Les années 1950 et mêmes les années 1660, pourtant période prospère pour le Japon, n'ont pas fait exception à la règle.
Suzuki Tatsuo Sensei, de la Wadô ryû avait coutume de dire que, dans sa jeunesse, à la fin de l'entraînement le plancher du dôjô était couvert de sang.
De même, Arakawa Toru Sensei - de la Wadôkai - nous disait il y a quelques années regretter le manque d'engagement physique de la génération actuelle des jeunes pratiquants.
Il semble en fait que pour de nombreux Japonais, les risques de blessure grave existent mais soient acceptés de façon tacite par tous les participants.

De notre tour de six dôjô, il ressort que la plupart des enseignants prônent un karate sérieux et physiquement exigeant. Malgré tout, comme nous avons pu le constater, il semble acquis que chacun puisse pratiquer selon ses possibilités physiques, sans chercher à aller trop loin. Cela est particulièrement vrai pour les dôjô privés mais moins à l'université où la recherche de performance reste très présente et influe donc sur les comportements des participants.

Si nous avons parlé de danger physique, évident de prime abord, il en est un autre à ne pas négliger.
Il s'agit d'un danger plus subtil et pernicieux car invisible pour le plus grand nombre. Le Japon, pas plus que les autres pays, n'est à l'abri des charlatans et autres sectes.

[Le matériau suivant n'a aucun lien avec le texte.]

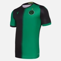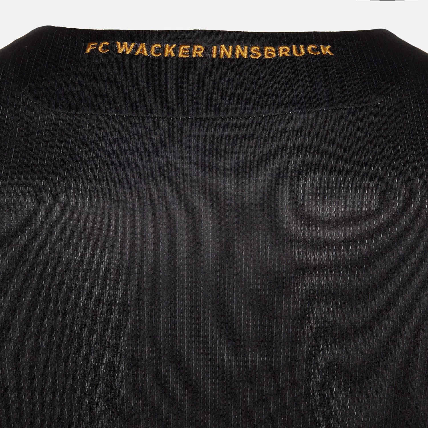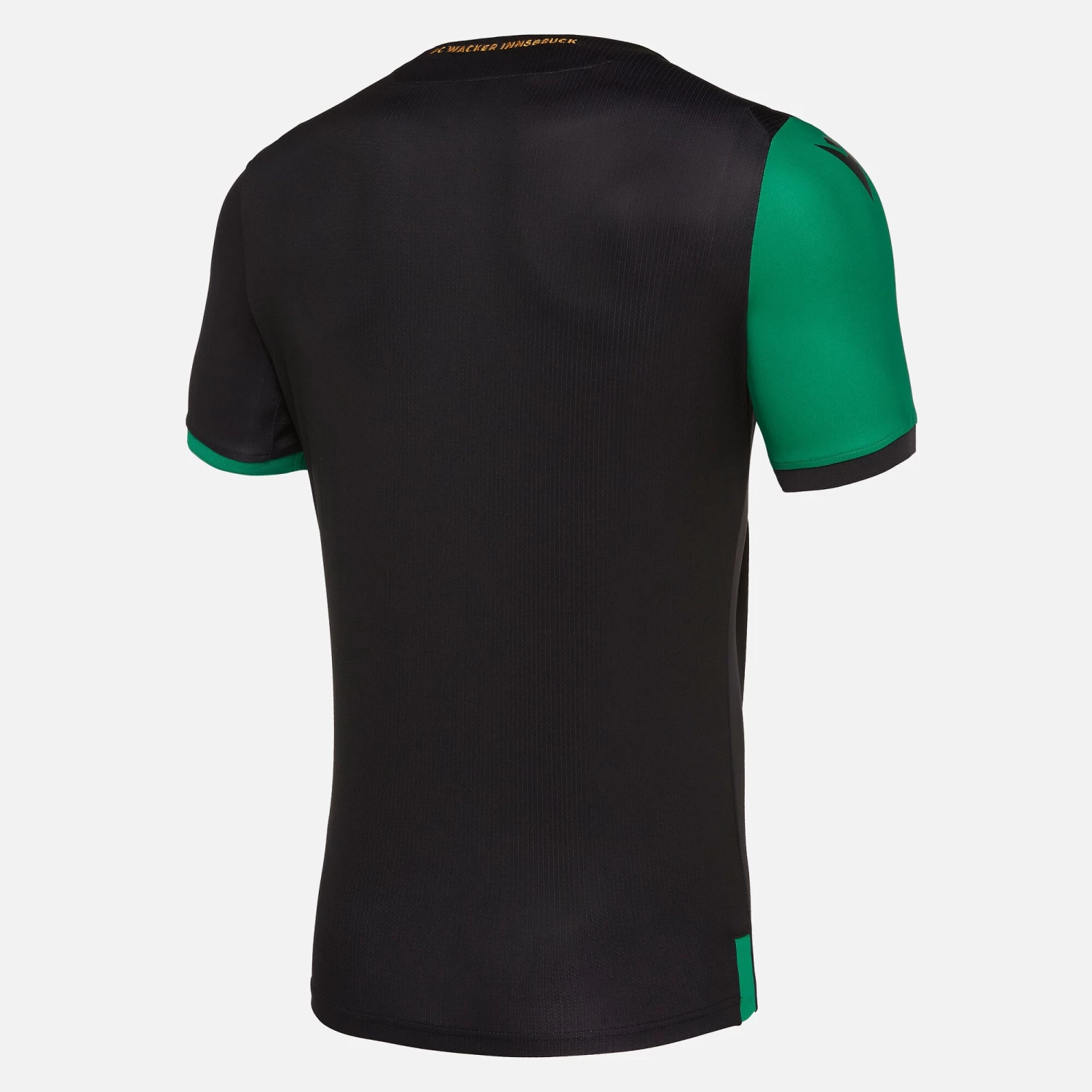 The FC Wacker Innsbruck home shirt is bold and eye-catching, and is split at the front into two halves, one green and one black. The same reversed colours feature on the sleeves. The back of the neck is complemented by the embroidered golden club name. The shirt features a crew neck. Slim fit.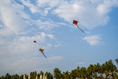 Kovalam, India - March 1, 2023: Three colorful kites with tails are seen flying in the blue sky with scattered clouds above palm trees at Grove Beach.

Avoir de jeunes adultes sous sa responsabilité permet, pour qui le veut, d'influencer les esprits et pas toujours pour le bien général.

Un professeur Nippon enseignant en France s'est vu proposer, il y a plusieurs années de ça, un billet de retour définitif au Japon par les autorités françaises. Cela faisait suite à un excès de prosélytisme durant les cours pour adolescents.
Il faut savoir que le Japon est un pays où de nombreuses sectes ont pignon sur rue. Certaines d'entre elles se sont immiscées dans le milieu des Arts Martiaux. Toutefois cela ne concerne généralement que de petits dôjô privés.
Par ailleurs les gourous en tous genres peuvent sévir et renvoyer vers leurs élèves les problèmes psychologiques dont ils sont affligés, de la paranoïa au culte démesuré de la personnalité. Les exemples de ce type abondent aussi hors du Japon, les vieux pratiquants en France le savent bien.
Là aussi le danger existe donc même s'il n'est plus physique.

Alors, la pratique du karate nuit-elle gravement à votre santé? Nous osons croire que non après près d'un quart de siècle de pratique sans blessure plus grave que des dents cassées.
A vous de prendre et accepter des risques calculés sachant que le karate est un budô moderne, issu d'une longue tradition d'Arts Martiaux conçus dans un but guerrier et non sportif.
Ces notions semblent logiquement plus claires pour les Nippons ou les étrangers pratiquant au Japon.
Choisissez bien votre dôjô, au Japon comme ailleurs, et tout ira bien pour votre plus grande satisfaction.
Dernière édition par karatejapon le Ven Mai 25, 2007 8:44 pm, édité 3 fois.